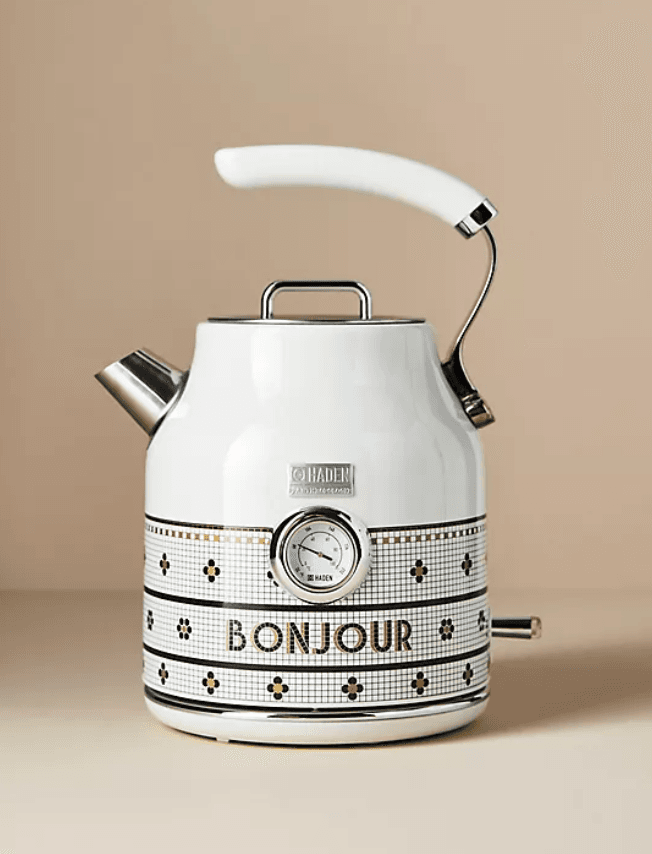 Designed in collaboration with Anthropologie, this limited-edition kettle features the signature Bistro Tile design, decaled on Haden's iconic British kettle silhouette. Perfect for morning cups of hot tea or pour-over coffee, it accommodates seven cups of water, lights up when water is boiling, and features auto shut-off for safety.
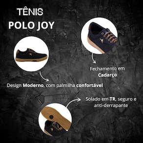 Os Sapatênis masculinos produzidos pela Polo Joy oferecem um novo visual para quem busca conforto, qualidade e estilo. Trabalhados em material leve e resistente, nossos modelos chegaram para elevar seu look. O Sapatênis Polo Joy oferece leveza ao caminhar graças ao seu solado macio e palmilha confort 4mm, perfeito para seu dia a dia.
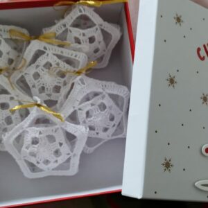Háčkovaná hviezda – vianočná ozdoba na zavesenie, výška 12 cm, plastiková hviezda obháčkovaná bielou niťou. Predáva sa ako sada 6 ks v darčekovom balení, v ktorom si ich môžete uschovať na ďalšie použitie. Vyrobené z láskou pre Vás 😊
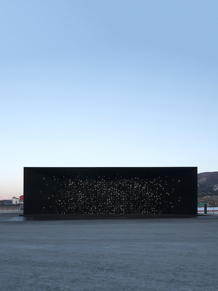 Visitors will encounter the building when entering the Olympic Park in South Korea. The pavilion is commissioned by Hyundai Motor as part of a series of projects on enhancing people’s lives by making mobility easier. Another project in this series is the world’s first Hydrogen Fuel Cell vehicle. The Olympic building is derived from Hyundai’s vision of a sustainable future: the black facade represents the Universe and the interactive water droplets were inspired by individual Hydrogen molecules and the technology behind Hyundai’s new Hydrogen vehicle.
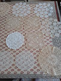 Tovaglia rotonda e 13 centrini fatti a mano ad uncinetto. Tutto in ottimo stato, senza segni né ingialliti. Lavati, pronti all'uso. Misure in foto.
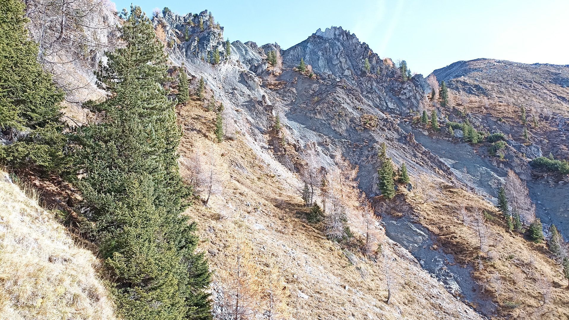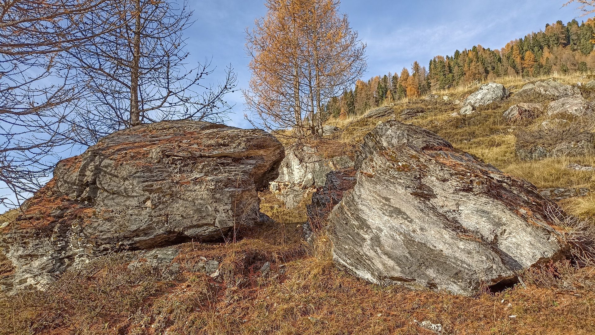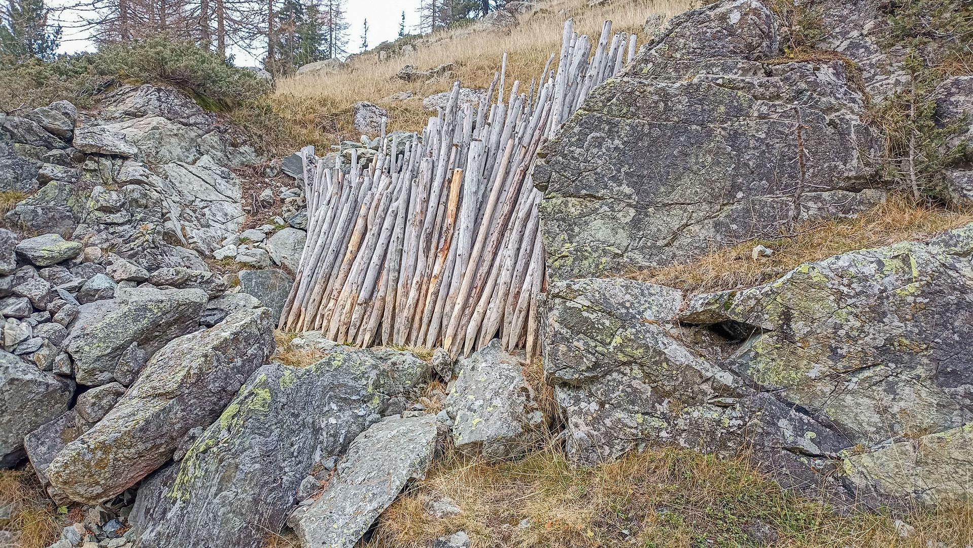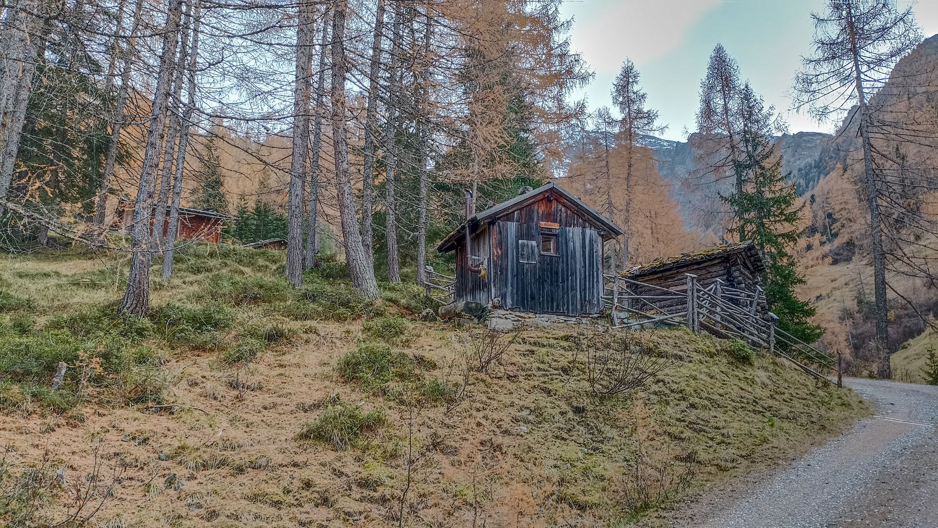 Von Steinhaus fahren wir bis zum Parkplatz oberhalb der letzten Höfe in Großklausen. Ein bequemer Forstweg Nr.2 führt an der Unterberger Alm 1648m weiter zu den Schupfen im lichten Lärchenwald und endet bei der Alm Moser Ebene 1847m. Oberhalb der Straße liegen vereinzelt große Serpentinitblöcke die einst Hirten und Schutzsuchende bei Gewittern sicher als Unterschlupf nutzten. Bei der Almhütte öffnet sich der nordseitige Kessel unterhalb des steilen Durrecks. Nun zweigen wir links auf den schmalen Steig 7a ab und gelangen durch den lichten Wald ins Weidegebiet der Gruben Alm 2040m.
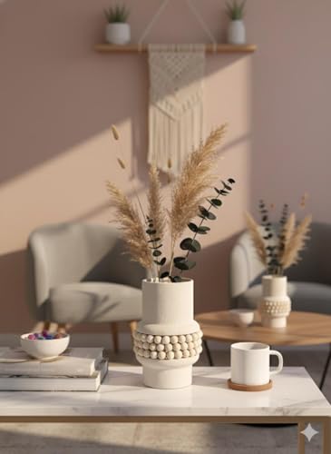 - مزايا التصميم: فازة سيراميك بيضاء مزخرفة مع شريط فريد من نوعه من الخرز مصنوع من كرات خشبية طبيعية، مثالية لديكور المنزل الريفي الحديث.
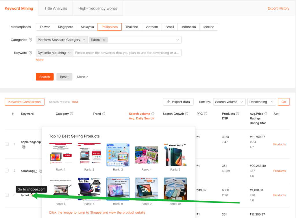 traffic keyword is the keyword with monthly search volume ≥ 1,000 that, when searched by users on Shopee’s front-end, returns your product listing in the results. If your listing appears for that search term, it is counted as a traffic keyword for your product.
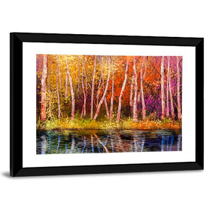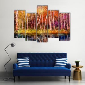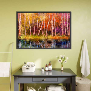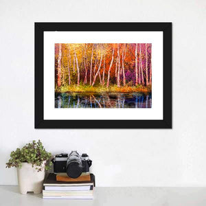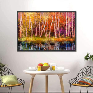 A modern, abstract landscape showing birch trees and their symmetrical reflection on a river, painted in autumnal oranges, yellows, greens, blues and purples. The scene feels vibrant yet serene and suits contemporary or nature-inspired rooms.
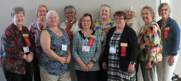 April 27, 2024 - Gamma Chi members attending the convention and supervising the Silent Auction were: front row from left, Robin Edwards, Gail Coleman and Rachel Smith; back row from left, Nancy Tunstall, Sallye Duncan, Norma Retzlaff, Sheila Robertson, Diane Colin, Dr. Sylvia Alston and Debra Clayton |
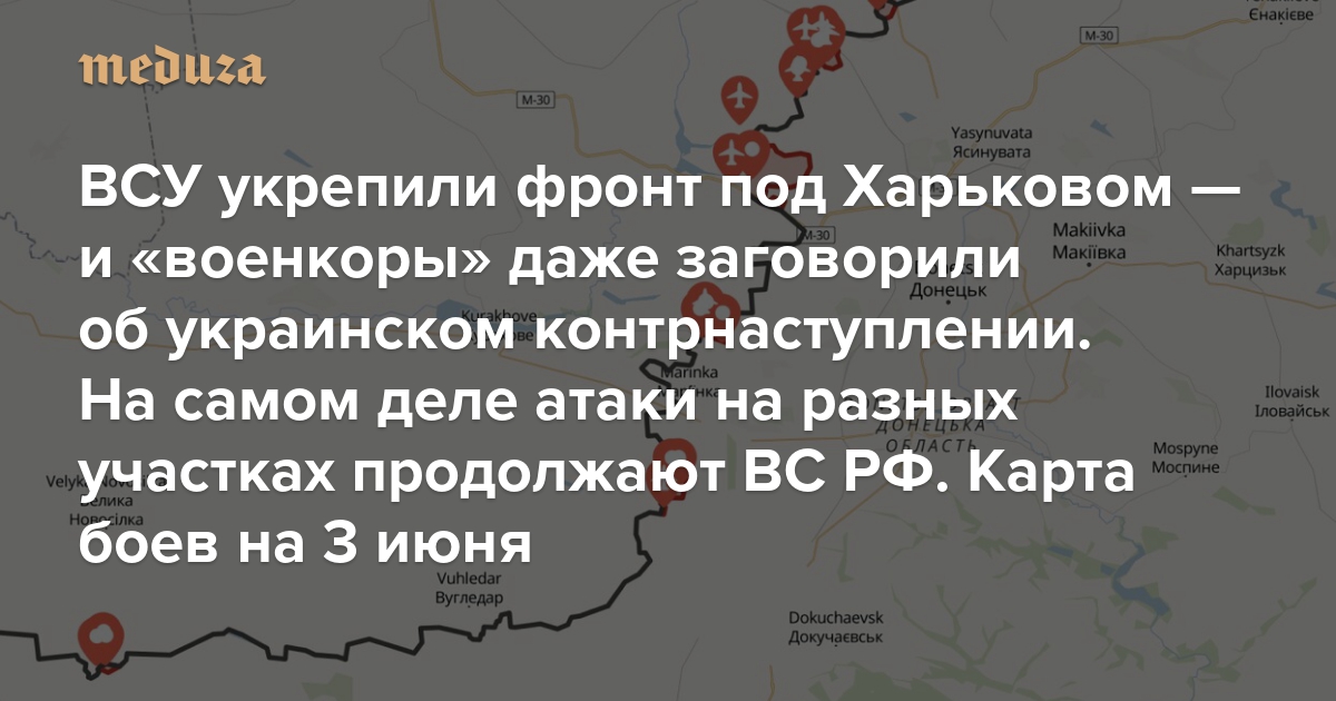 ВСУ укрепили фронт под Харьковом сильными резервами — и «военкоры» даже заговорили об украинском контрнаступлении. На самом деле атаки на разных участках продолжают ВС РФ Где ВСУ приходится особенно сложно? Карта боев на 3 июня
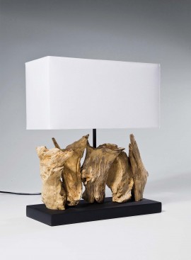 Ta propozycja to wysmakowane połączenie luksusu i natury, prosta forma. Unikatowe, naturalnie ukształtowane kawałki drewna, umiejętnie ułożone poziomo na solidnej podstawie, tworzą oryginalną lampę stołową, a prostokątny bawełniany klosz, zapewnia przyjemne, nieoślepiające światło. Lampa Nature Horizontal to propozycja w skandynawskim stylu.
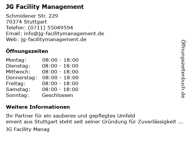 | Öffnungszeiten JG Facility Management in Stuttgart anzeigen | |
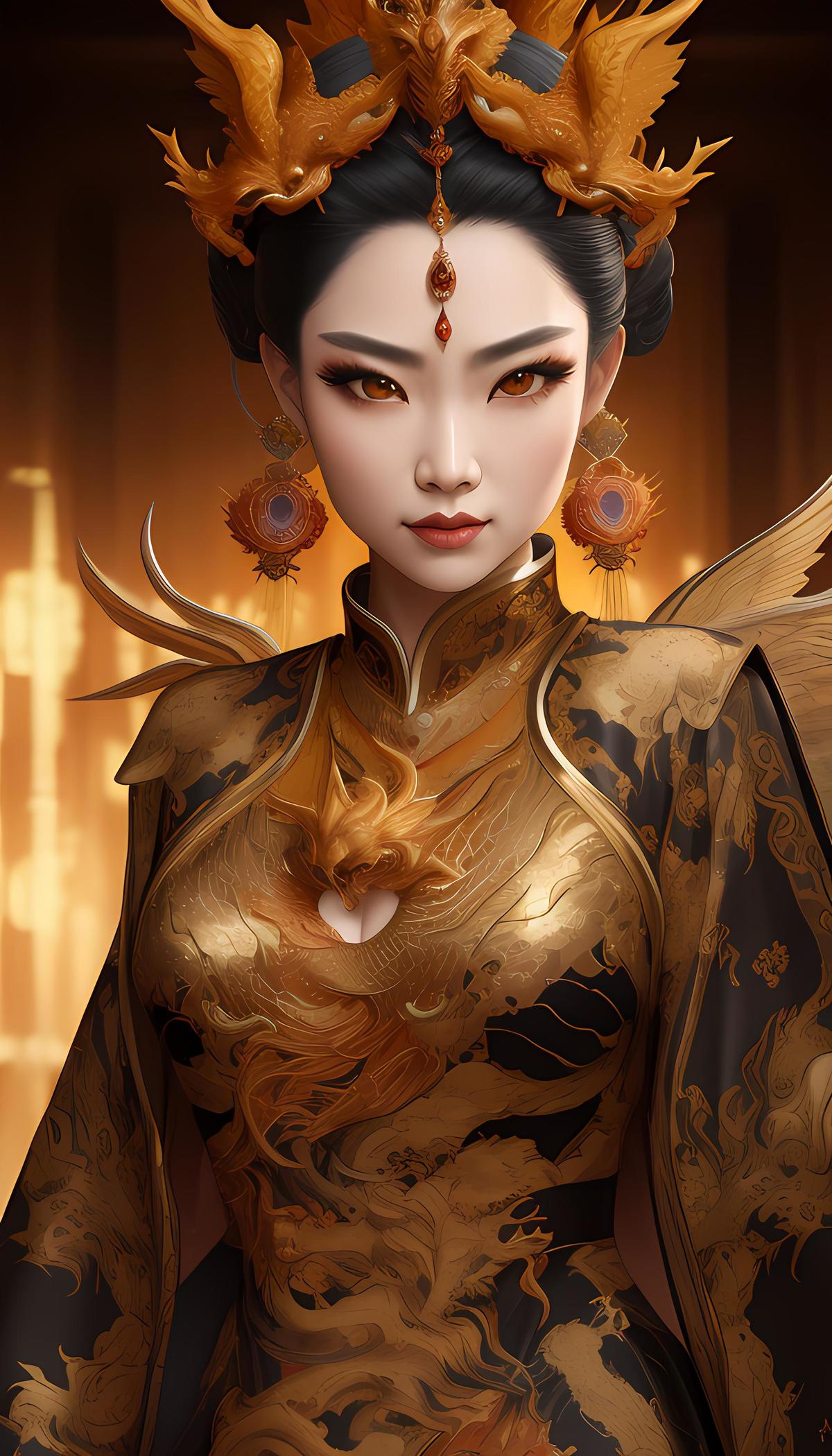 杰作,完美细节,超高精细度,全景,超精细细节,戏剧性的灯光,复杂的细节,女皇,完美东方女性的脸,面部细节刻画,媚眼,妩媚完美身材,中等胸部,黑色头发,龙纹,金黄色龙袍,全身,华丽的凤冠,凤凰缠绕,电影拍摄

####################

**YOUR GOAL:**
Exactly the lines from the one containing "anzeigen | |" through the last line of the material above, both included and free of pictures, should make up your answer, please.

**RESPONSE FOR THIS EXERCISE:**
 | Öffnungszeiten JG Facility Management in Stuttgart anzeigen | |
 杰作,完美细节,超高精细度,全景,超精细细节,戏剧性的灯光,复杂的细节,女皇,完美东方女性的脸,面部细节刻画,媚眼,妩媚完美身材,中等胸部,黑色头发,龙纹,金黄色龙袍,全身,华丽的凤冠,凤凰缠绕,电影拍摄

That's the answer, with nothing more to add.